* Work instruction *
Using the entries below, restate word for word only the lines from the one with "(a) Figured bass" to the final line, leaving the pictures out.

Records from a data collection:
--------------------------------------------------
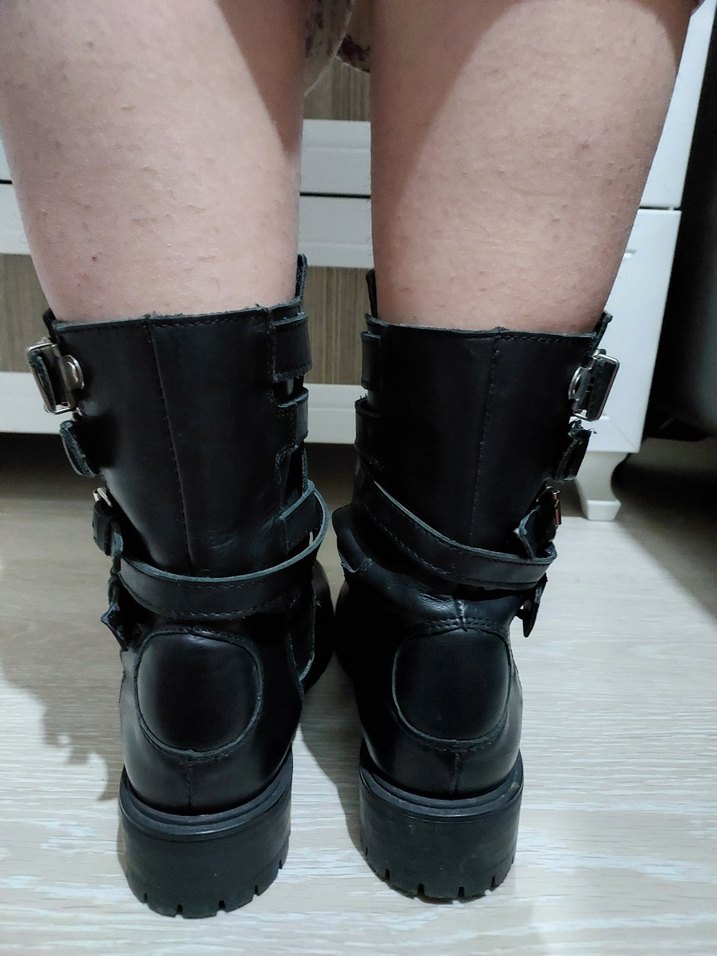 ZARA Tokalı Siyah Deri Gotik Kadın Bot
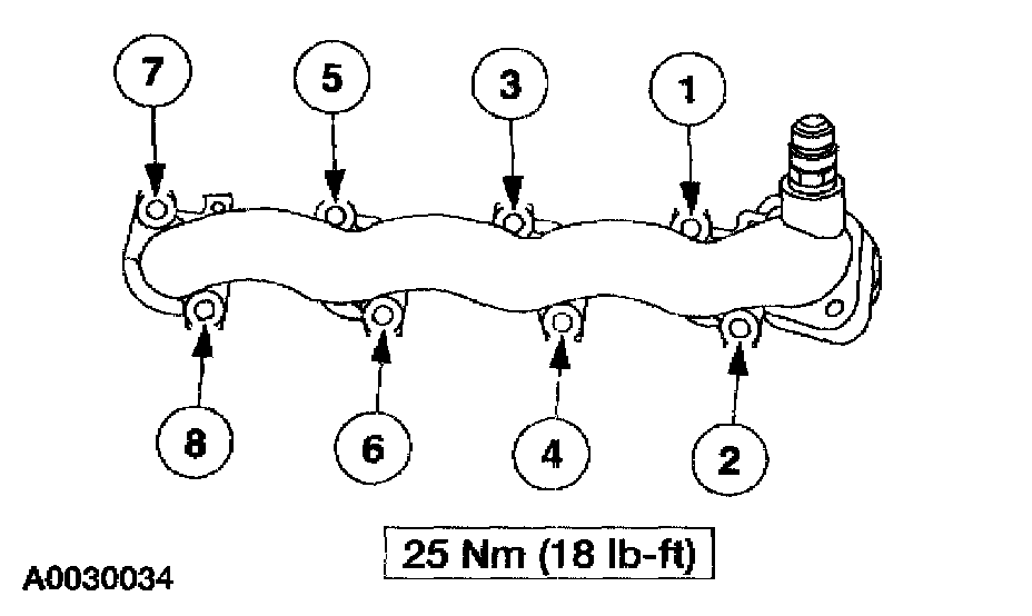 25. Install the RH exhaust manifold gaskets and the exhaust manifold. Tighten the nuts in the sequence shown.
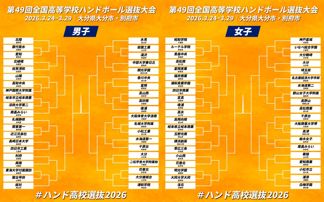 第49回全国高等学校ハンドボール選抜大会が開催されます。その組み合わせ抽選が2月13日に大阪府で行われ、男女それぞれの組み合わせが決定しましたのでお知らせいたします。詳細の競技日程は後日お知らせいたします。
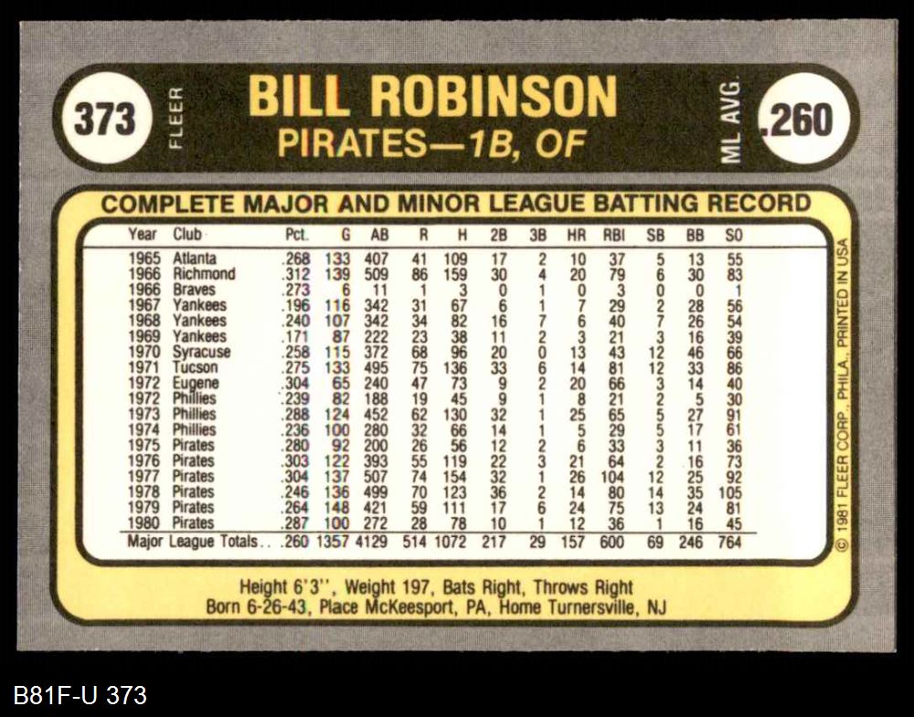 1981 Fleer #373 Bill Robinson 8 - NM/MT
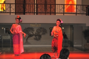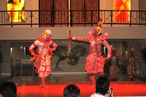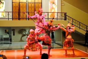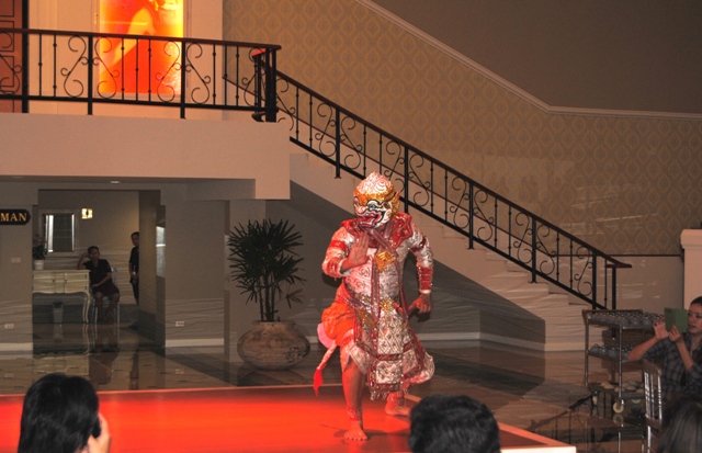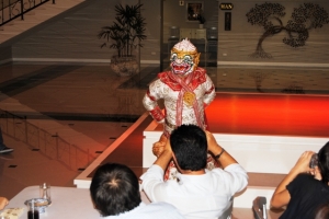 華麗なニューハーフ達により豪華なカリプソショーとは別に、2回のディナーの間に演じられるタイ古典舞踊は女性の踊り子数名が優美な舞を披露し、神の使いである猿のハヌマーンや美しいシーダ姫が登場する伝統舞踊の「ラーマキエン物語」も演じられ、、出演者はステージの上だけでなく客席の間も廻り、写真撮影にも応えてくれるサービスを提供してくれます。
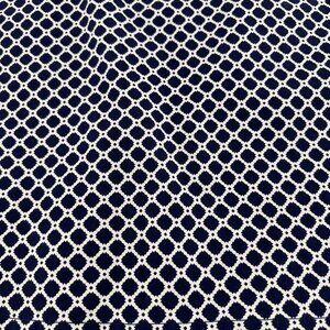 This stylish skirt features a geometric navy and white pattern in a durable cotton blend. Designed with functional side pockets and a tailored fit, it offers practicality and elegance for both casual and semi-formal settings.
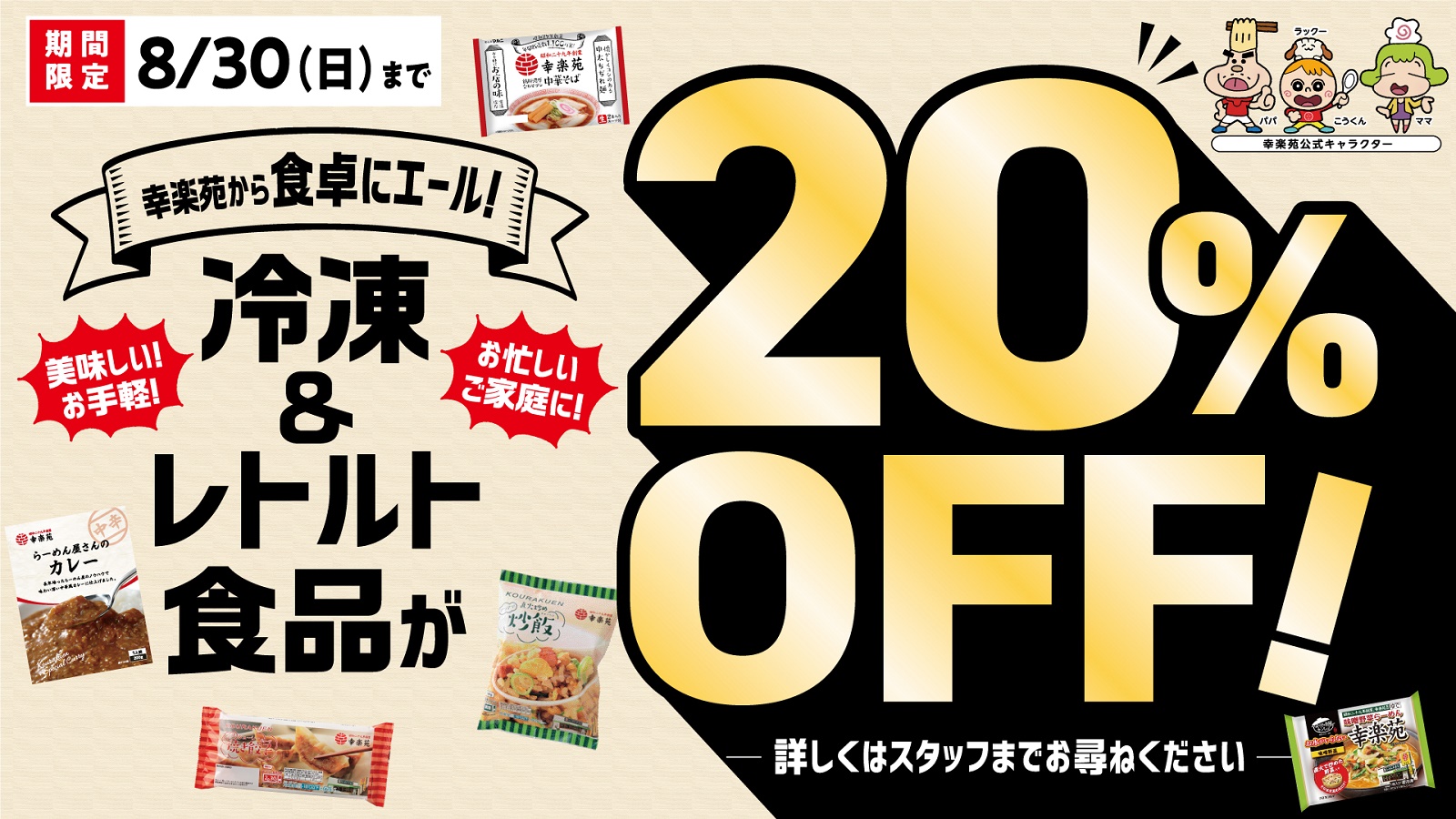 幸楽苑から食卓にエール!冷凍&レトルト食品が8月30日(日)までの期間限定で20%OFFに!!
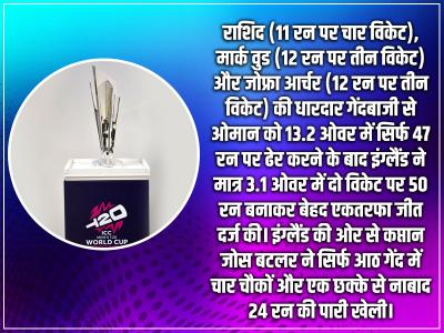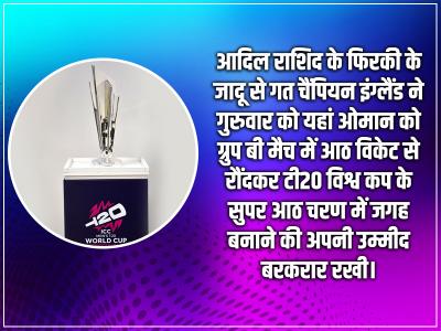 आदिल राशिद के फिरकी के जादू से गत चैंपियन इंग्लैंड ने गुरुवार को यहां ओमान को ग्रुप बी मैच में आठ विकेट से रौंदकर टी20 विश्व कप के सुपर आठ चरण में जगह बनाने की अपनी उम्मीद बरकरार रखी। राशिद (11 रन पर चार विकेट), मार्क वुड (12 रन पर तीन विकेट) और जोफ्रा आर्चर (12 रन पर तीन विकेट) की धारदार गेंदबाजी से ओमान को 13.2 ओवर में सिर्फ 47 रन पर ढेर करने के बाद इंग्लैंड ने मात्र 3.1 ओवर में दो विकेट पर 50 रन बनाकर बेहद एकतरफा जीत दर्ज की। इंग्लैंड की ओर से कप्तान जोस बटलर ने सिर्फ आठ गेंद में चार चौकों और एक छक्के से नाबाद 24 रन की पारी खेली।
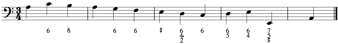 (a) Figured bass for Handel Sonata op. 1 no. 7, iii, mm. 1-5.
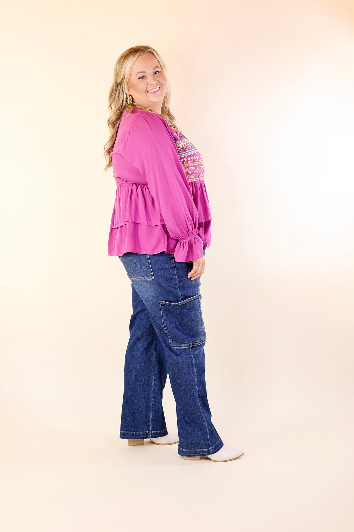 Rhythm Of The Season Embroidered Long Sleeve Top in Magenta
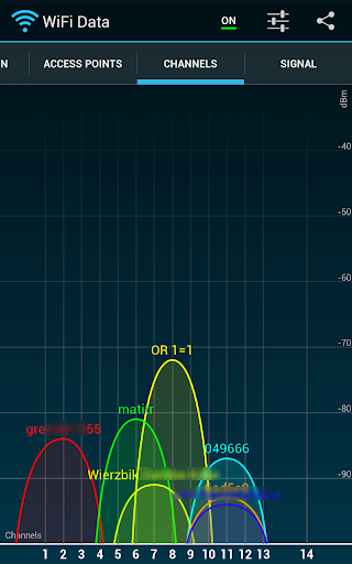 3) Channels tab – graph presentation of visible networks with parabola shape depending on signal strength and channel on which network is working.
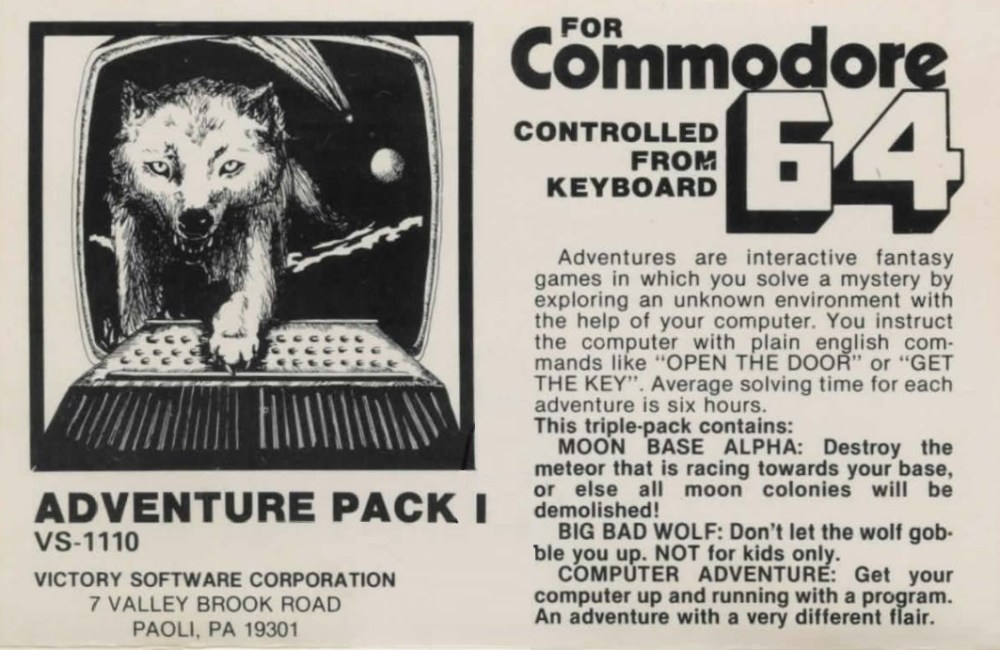 I mentioned last time an Adventure Pack consisting of Computer Adventure, Big Bad Wolf, and Moon Base Alpha. My working theory is that when Big Bad Wolf got published by Commodore in a collection, the author Bruce Robinson did a switch. This is entirely a guess, and on Bruce Robinson’s own page where he discusses the company (“At its peak, Victory Software employed 8 people at the main office”) he doesn’t talk about this at all, other than to say Commodore “licensed” both Big Bad Wolf and the action game Treasures of the Bat Cave, and neither show in later ads for Victory. (It is, to be admitted, one of those minute things that only a tiny group of people care about, although Gareth Pitchford did some investigation.)
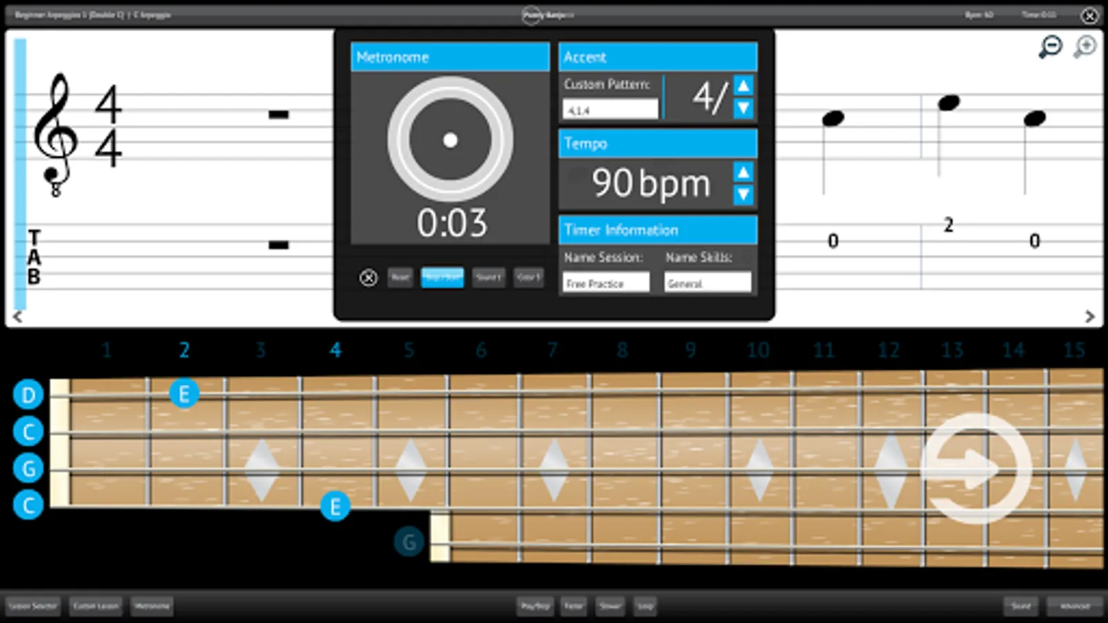 Play along with Purely Banjo, with the help of a fretboard, animated musical score and tab notation. Live animation makes it easy to follow the music, so you can practise in a way that suits you - whatever your skill level.
--------------------------------------------------
* Output of the exercise *
 (a) Figured bass for Handel Sonata op. 1 no. 7, iii, mm. 1-5.
 Rhythm Of The Season Embroidered Long Sleeve Top in Magenta
 3) Channels tab – graph presentation of visible networks with parabola shape depending on signal strength and channel on which network is working.
 I mentioned last time an Adventure Pack consisting of Computer Adventure, Big Bad Wolf, and Moon Base Alpha. My working theory is that when Big Bad Wolf got published by Commodore in a collection, the author Bruce Robinson did a switch. This is entirely a guess, and on Bruce Robinson’s own page where he discusses the company (“At its peak, Victory Software employed 8 people at the main office”) he doesn’t talk about this at all, other than to say Commodore “licensed” both Big Bad Wolf and the action game Treasures of the Bat Cave, and neither show in later ads for Victory. (It is, to be admitted, one of those minute things that only a tiny group of people care about, although Gareth Pitchford did some investigation.)
 Play along with Purely Banjo, with the help of a fretboard, animated musical score and tab notation. Live animation makes it easy to follow the music, so you can practise in a way that suits you - whatever your skill level.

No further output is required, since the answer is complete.